## About this task
Begin at the line that holds "To finish off" and copy each line exactly until the data below ends, including that last line but no pictures.

## Supplied records
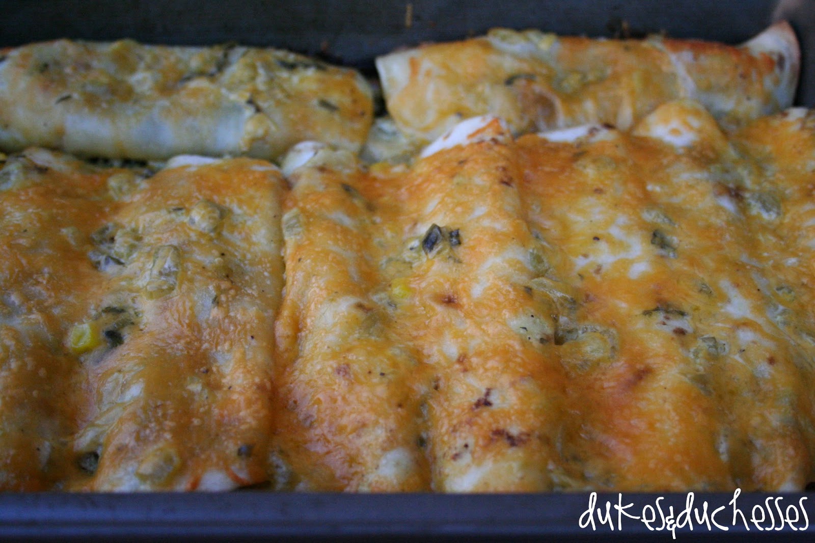 Dividing evenly, roll up the spinach mixture in the tortillas {about 1/3 cup per tortilla}. Place seam-side down in a shallow baking dish. Top with the cream sauce and the remaining 1/2 cup of cheddar. Cover with foil and bake until bubbling, 15 to 20 minutes. Uncover and bake until golden, 10 to 15 minutes more.
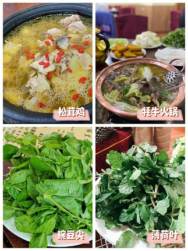 2⃣️镇上最有名的餐厅就是梅里特色火锅店,味道和独克宗古城里的火锅店差不多,不过在飞来寺有限的选择中算是最好的,价格稍贵一些。推荐松茸鸡、牦牛火锅、豌豆尖、青稞饼。注意节日晚餐疯狂排队!
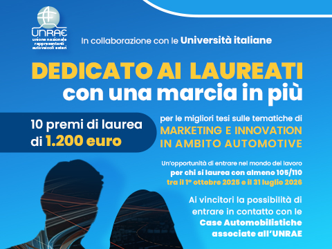 L’UNRAE (Unione Nazionale Rappresentanti Autoveicoli Esteri) prosegue il suo impegno ultraventennale nella valorizzazione del talento e della ricerca accademica, assegnando nella 25^ edizione 5 riconoscimenti a giovani laureati che hanno sviluppato elaborati di particolare rilievo su temi nel settore automotive e nella mobilità sostenibile.
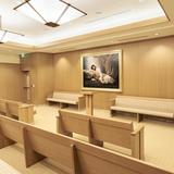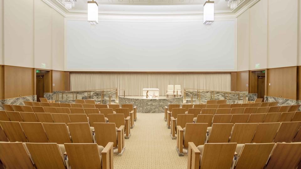 True to the intentions of the modern era, the interior of the temple is carefully restrained in its ornamentation. The fineness of the natural material enhances the symbolic progression of the sacred space, each material minimally altered and finished to show its intrinsic beauty. This is evident in the use of wood and stone, where clean, geometric designs are used sparingly. The original woods are not stained, only sealed, to show the original color and grain.
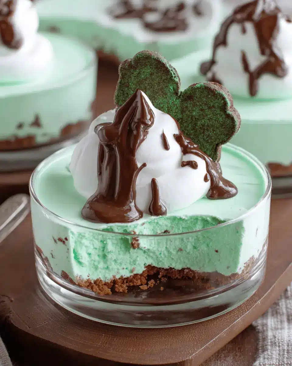 To finish off your shamrock cheesecakes in style, drizzle some mini chocolate chips on top. You can also add a dollop of Cool Whip for an extra creamy bite. For a whimsical twist, carefully position a mint chocolate chip shamrock marshmallow on top as a final garnish. This not only adds to the presentation but also makes each serving feel extra special.
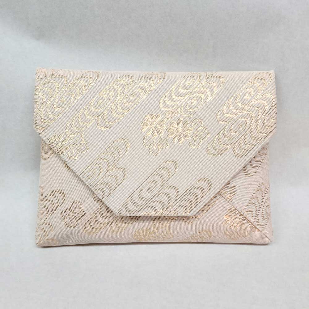 数寄屋袋 便利なチャック付き 紗 菊に観世水 ベージュ
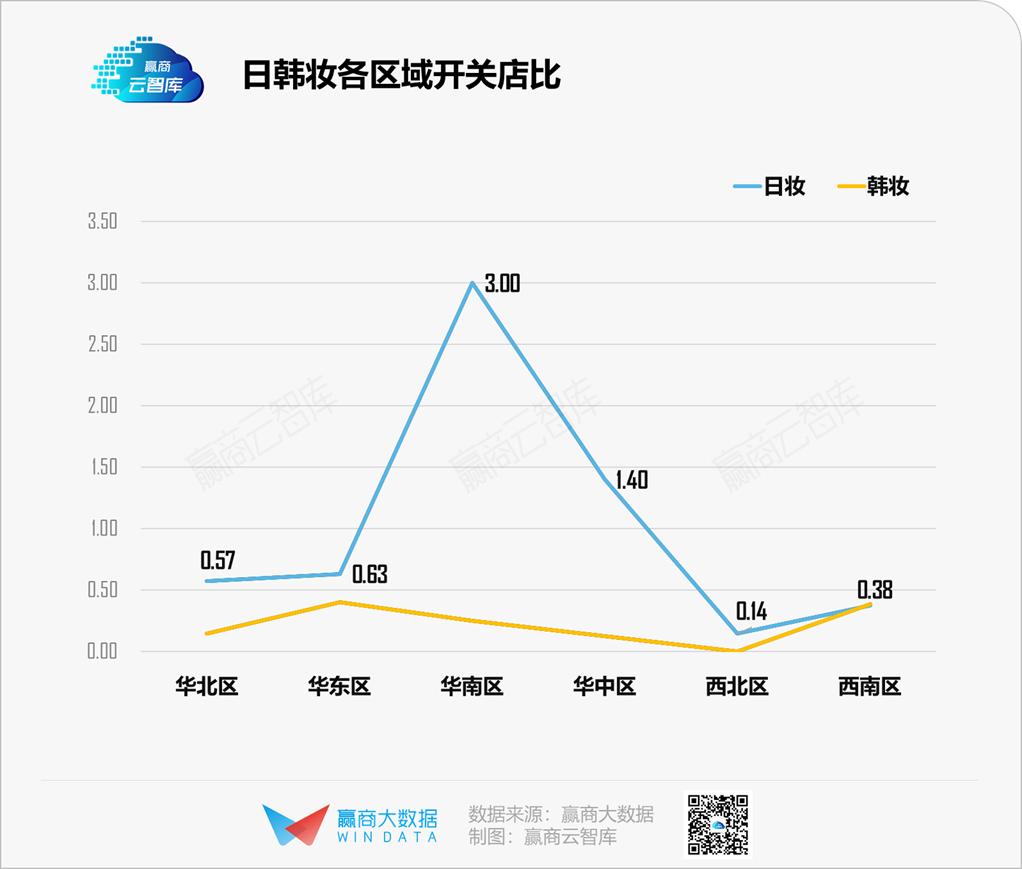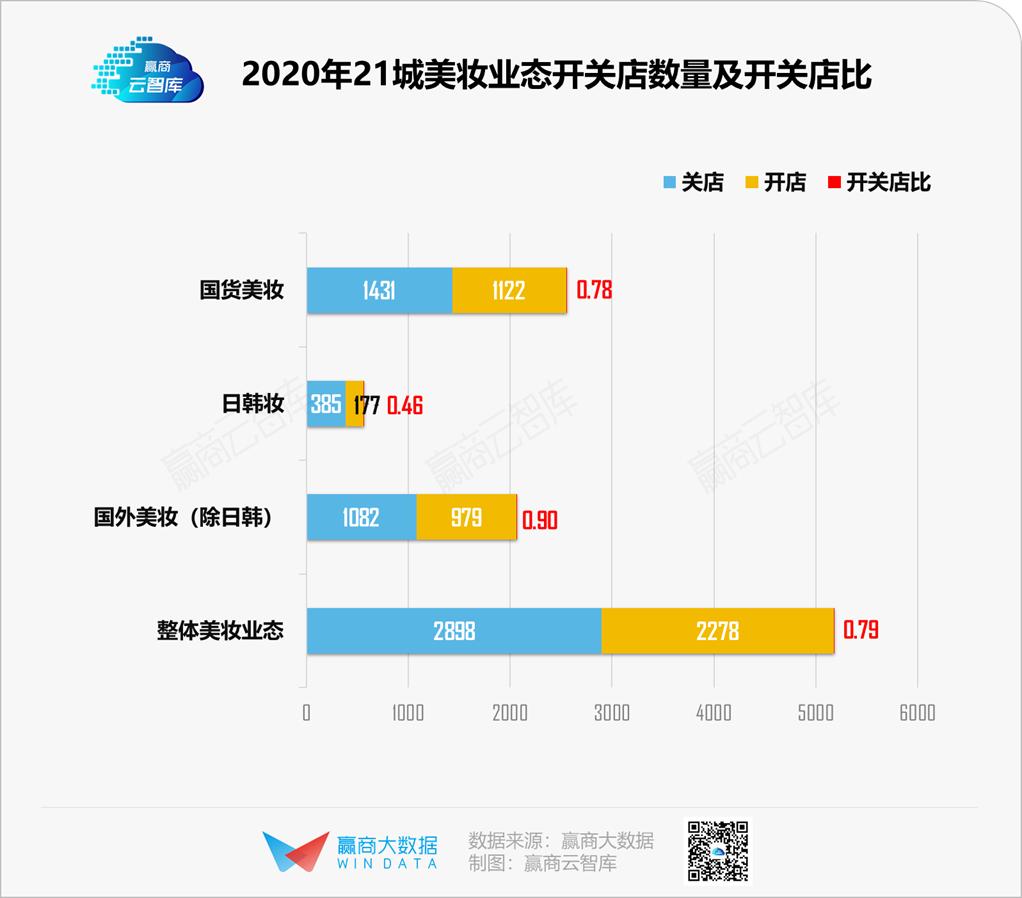 2020年,日韩美妆在中国市场关店近400家,开店仅170余家。其中,韩妆整体开关店比仅0.28,从区域表现来看,韩妆也全面陷入僵局。
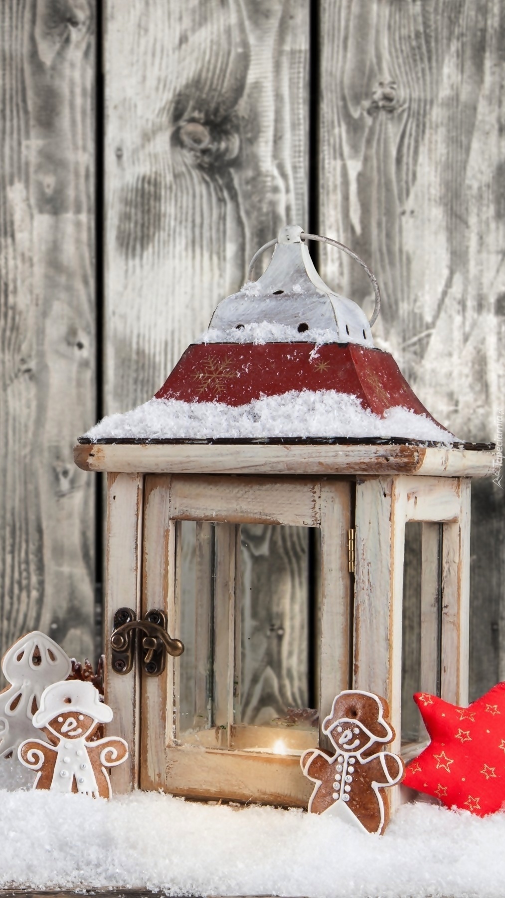 Edytor tapety: Piernikowe ozdoby świąteczne obok lampionu
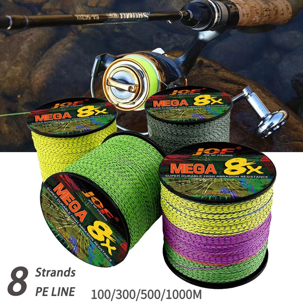 2: Línea de PE X8 Strands, construcción única de trenza moteada, hecha de fibras de PE de ultra alta resistencia.
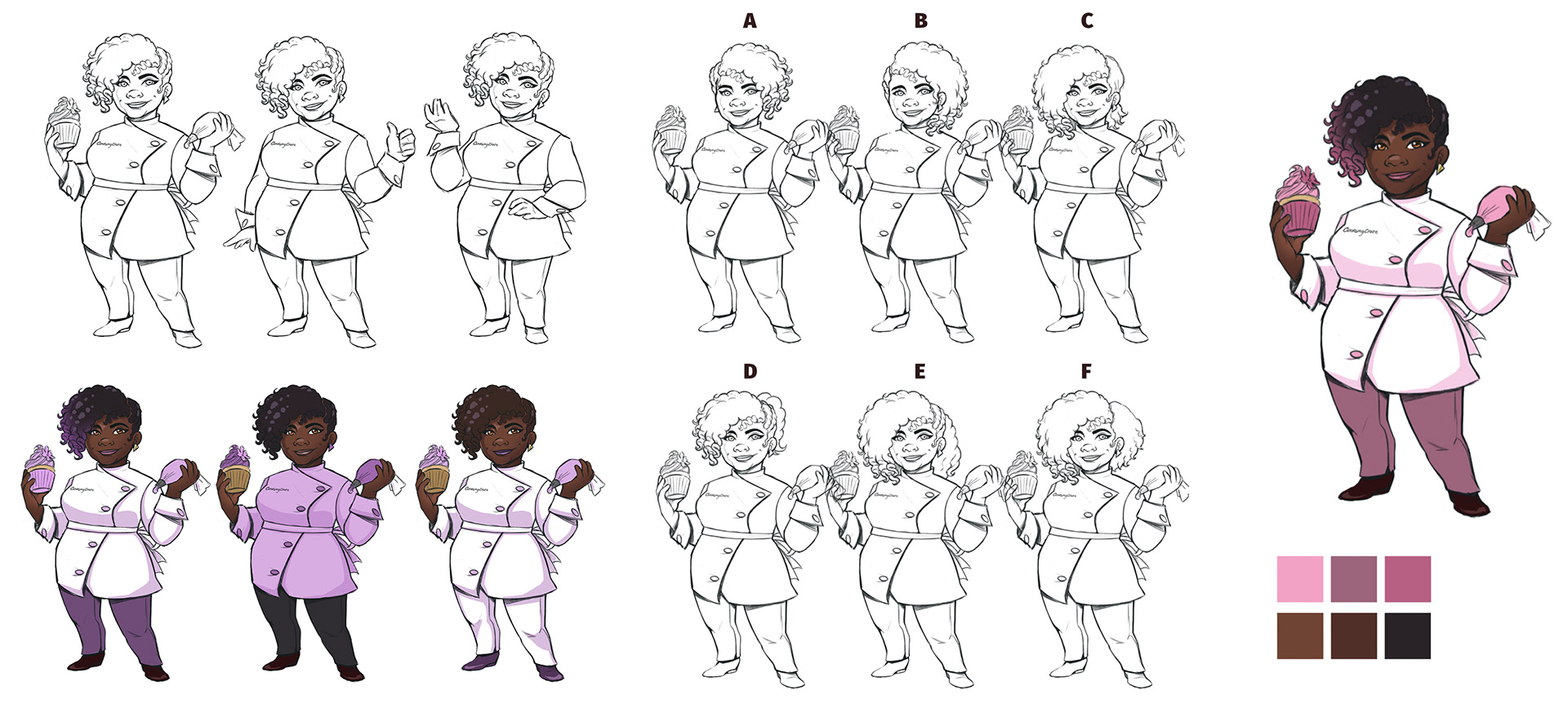 Below are a few process sketches that show design choices, hairstyle options, color palette options and poses. In the end, the client chose to keep most of the initial design choices, but we worked out different hair styles and landed on a rosy color palette.
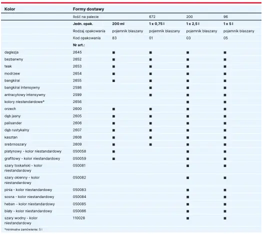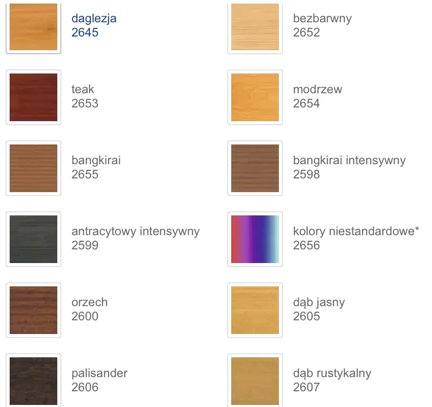 - Kolory są dopasowane do danego gatunku drewna, można je jednak bez problemu zastępować na innych gatunkach. Kolor będzie się wówczas oczywiście różnił od zawartego we wzornikach.

## Reply
 To finish off your shamrock cheesecakes in style, drizzle some mini chocolate chips on top. You can also add a dollop of Cool Whip for an extra creamy bite. For a whimsical twist, carefully position a mint chocolate chip shamrock marshmallow on top as a final garnish. This not only adds to the presentation but also makes each serving feel extra special.
 数寄屋袋 便利なチャック付き 紗 菊に観世水 ベージュ
 2020年,日韩美妆在中国市场关店近400家,开店仅170余家。其中,韩妆整体开关店比仅0.28,从区域表现来看,韩妆也全面陷入僵局。
 Edytor tapety: Piernikowe ozdoby świąteczne obok lampionu
 2: Línea de PE X8 Strands, construcción única de trenza moteada, hecha de fibras de PE de ultra alta resistencia.
 Below are a few process sketches that show design choices, hairstyle options, color palette options and poses. In the end, the client chose to keep most of the initial design choices, but we worked out different hair styles and landed on a rosy color palette.
 - Kolory są dopasowane do danego gatunku drewna, można je jednak bez problemu zastępować na innych gatunkach. Kolor będzie się wówczas oczywiście różnił od zawartego we wzornikach.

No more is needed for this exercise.